И было хорошо, очень хорошо, оттого что мы нашли друг друга и дорожили друг другом. Словами этого не выразить, это надо пережить. Мы сидели и молчали, и нам было хорошо.
В апреле было слякотно, особенно развезло грязь в Бич-граде. С голубизной Пентагон вроде бы поуспокоился. Какие-то пустые порой хлопоты забивали день. После разговоров с тренером и Айседорой я почувствовал отчуждение и не мог его в себе пересилить. Когда-то они были для меня очень близкими людьми. Я наивно полагал, что они должны были в моем споре с усыновителями стать на мою сторону, потому что, прежде всего, я несовершеннолетний ребенок. Поддержка ими другой стороны была мной признана как их предательство, а с предателями я не встречаюсь и не контактирую. И все же Айседору я встретил на улице, она меня увидела первая и окликнула. Я остановился и дождался, когда она подойдет ко мне. Она вся была какая-то потускневшая — словно какой-то холод сковал ее.
— Как твои дела? — поинтересовалась она.
— Живу, — коротко ответил я.
Айседора почувствовала мое нежелание распространяться на эту тему и заговорила о другом.
— Обижаешься на меня, что струсила и не пустила к себе.
— Я что вам, родной сын? — мое лицо скривила снисходительная ехидная улыбка. — Я вам никто, почему же тогда вы должны меня пускать к себе?
Айседора поняла мой насмешливый тон.
— Извини, Женя, я ведь правда хотела как лучше, — она произнесла эти слова очень непосредственно, с грустной понимающей улыбкой, словно каялась, и это подкупило и смутило меня. Я понял, что нельзя себя так высокомерно вести с Айседорой, потому что она страдает.

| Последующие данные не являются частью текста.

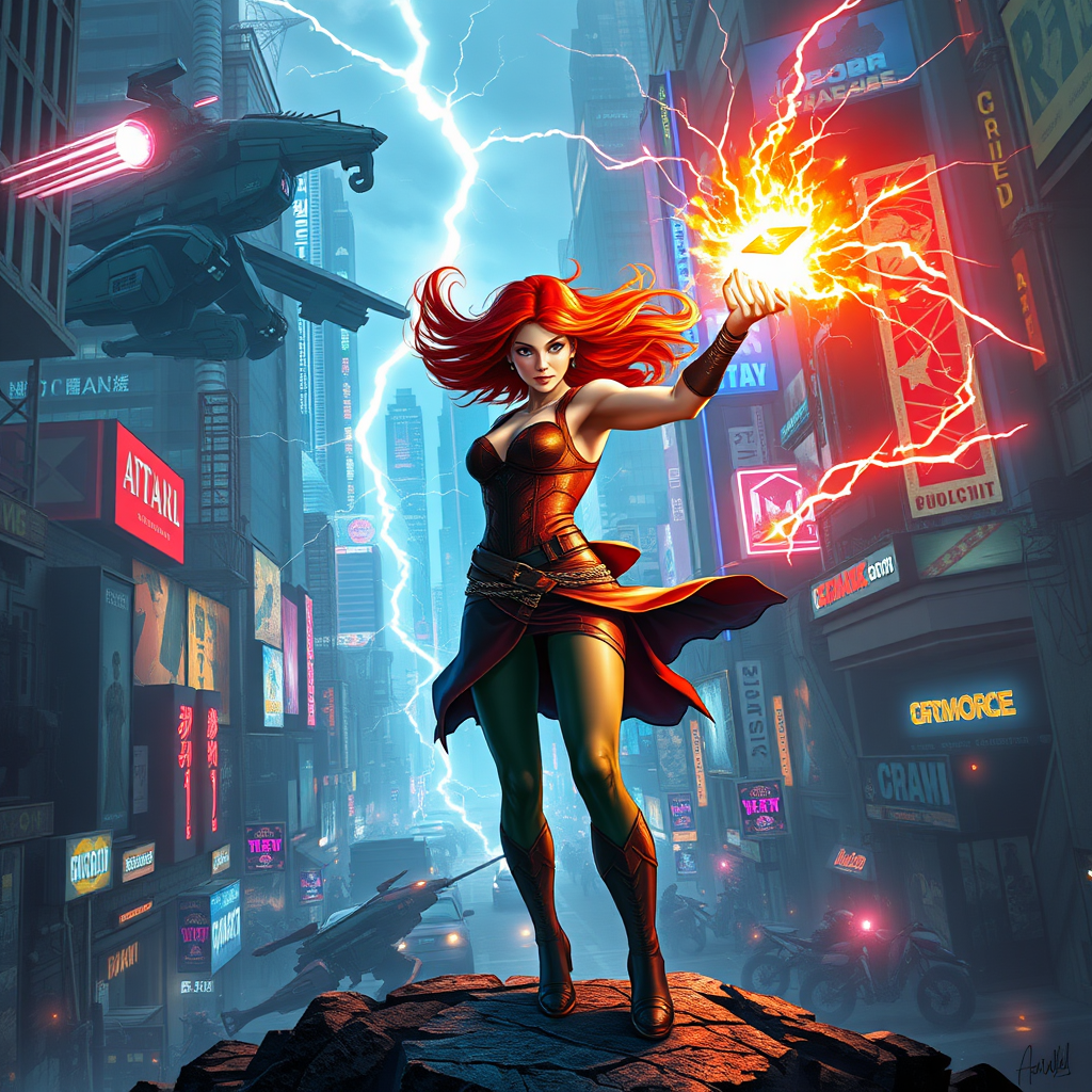 Triss Merigold stands in the heart of a bustling metropolis, casting a radiant spell as futuristic robots descend upon the city. The air crackles with electricity from an electric arc, illuminating the war-torn backdrop of a cyberpunk landscape. Her fiery red hair whips around her as she channels her magical powers, creating a mesmerizing contrast against the neon-lit city skyline. The scene is a captivating blend of mystical and technological warfare, merging ancient magic with advanced robotics in a high-stakes urban battleground.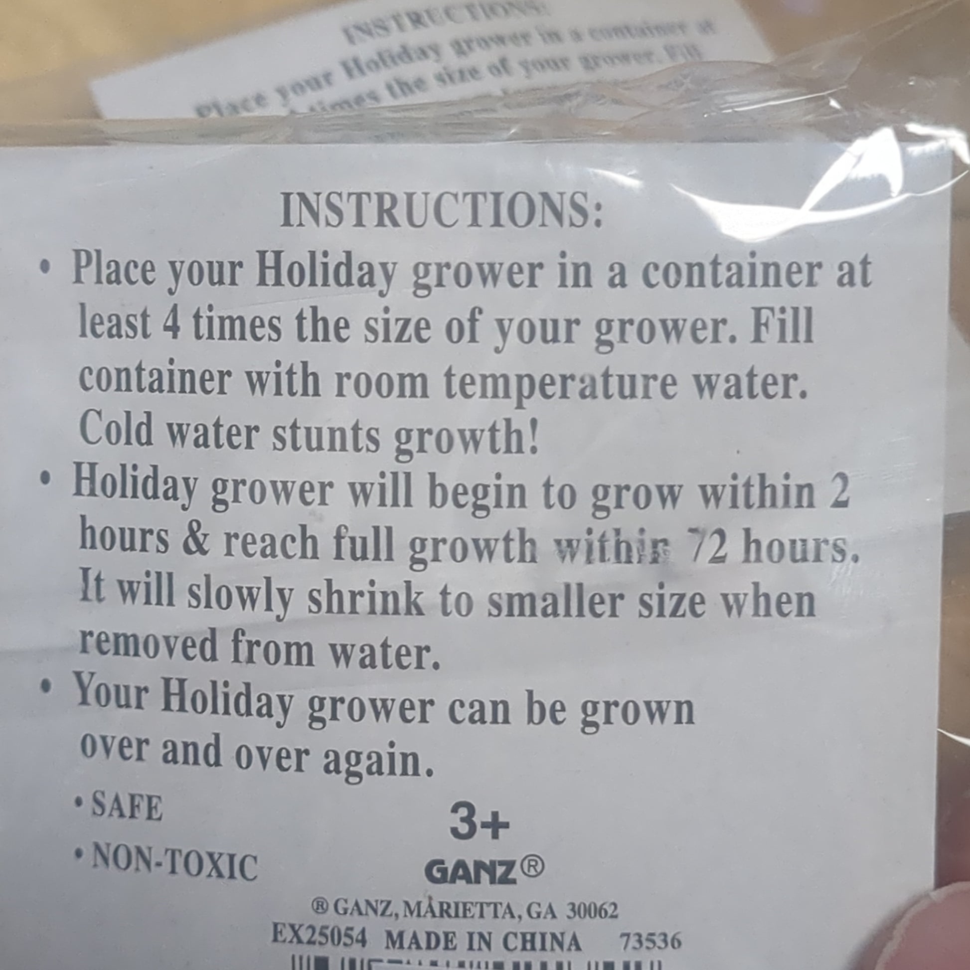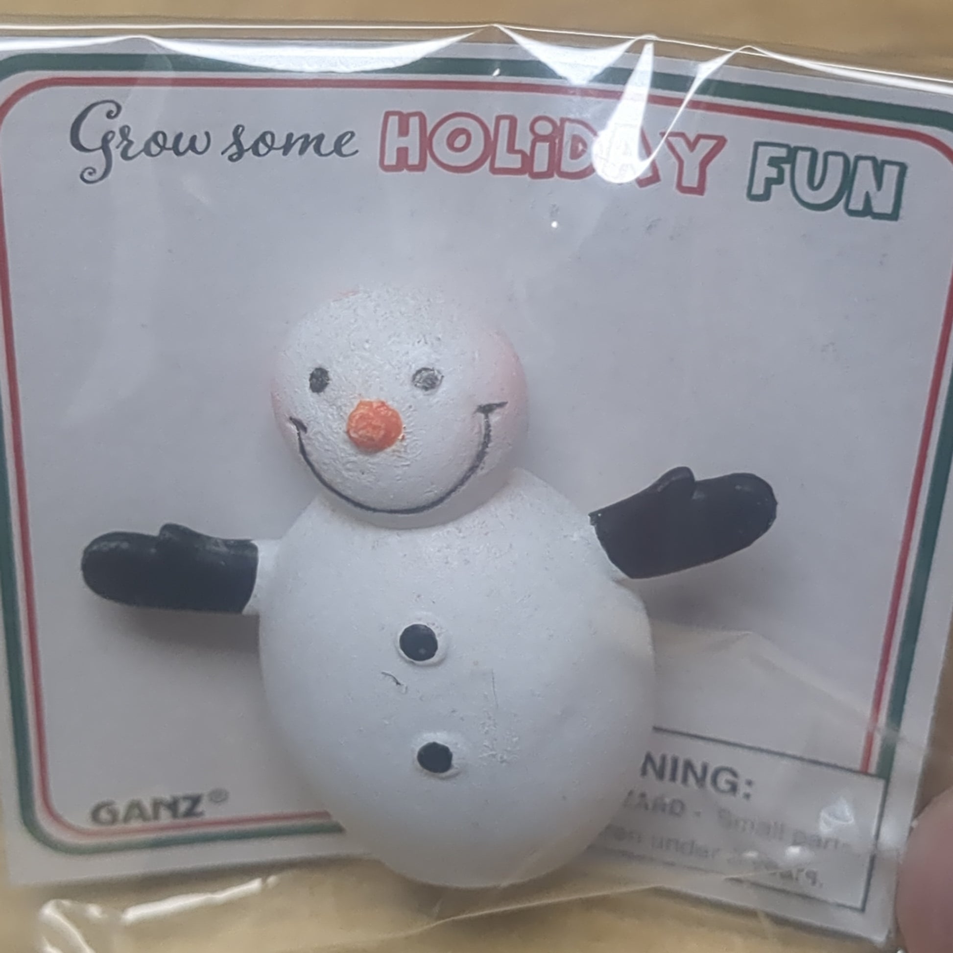This cute little snowman can grow 4 times it's size when places in water. Can be reused!

— Ладно вам, Айседора Михайловна, — совестливо произнес я. — Все нормально, правда!
Она улыбнулась. Улыбка была искренней, но усталой: в ней не было прежнего веселого озорства.
— Ты что — навсегда забросил танцы? — и она напряженно посмотрела на меня. Не знаю, но я вдруг понял, что для этой одинокой стареющей женщины мы ее дети, и она, как курица-наседка, за каждого из нас болеет. Я знал, что она переживает за меня, она даже несколько раз пыталась выловить меня в школе, но я каждый раз ускользал, как уж.
— Не бросай, Женя, танцы, — как молитву произнесла она.
— Я приду, — клятвенно пообещал, — завтра же.
В ее глазах появился свет. Она обласкала меня своей печальной, удивительно сердечной улыбкой. Напряженность, которая появилась в начале разговора, исчезла, испарилась, и так легко стало на душе.
— И друга своего прихвати, я о нем очень наслышана.
— Хорошо, — я широко улыбнулся.
Разошлись мы как лучшие друзья. Я бежал домой, пританцовывая. “Я снова буду танцевать!” — безудержно-радостно неслось в голове.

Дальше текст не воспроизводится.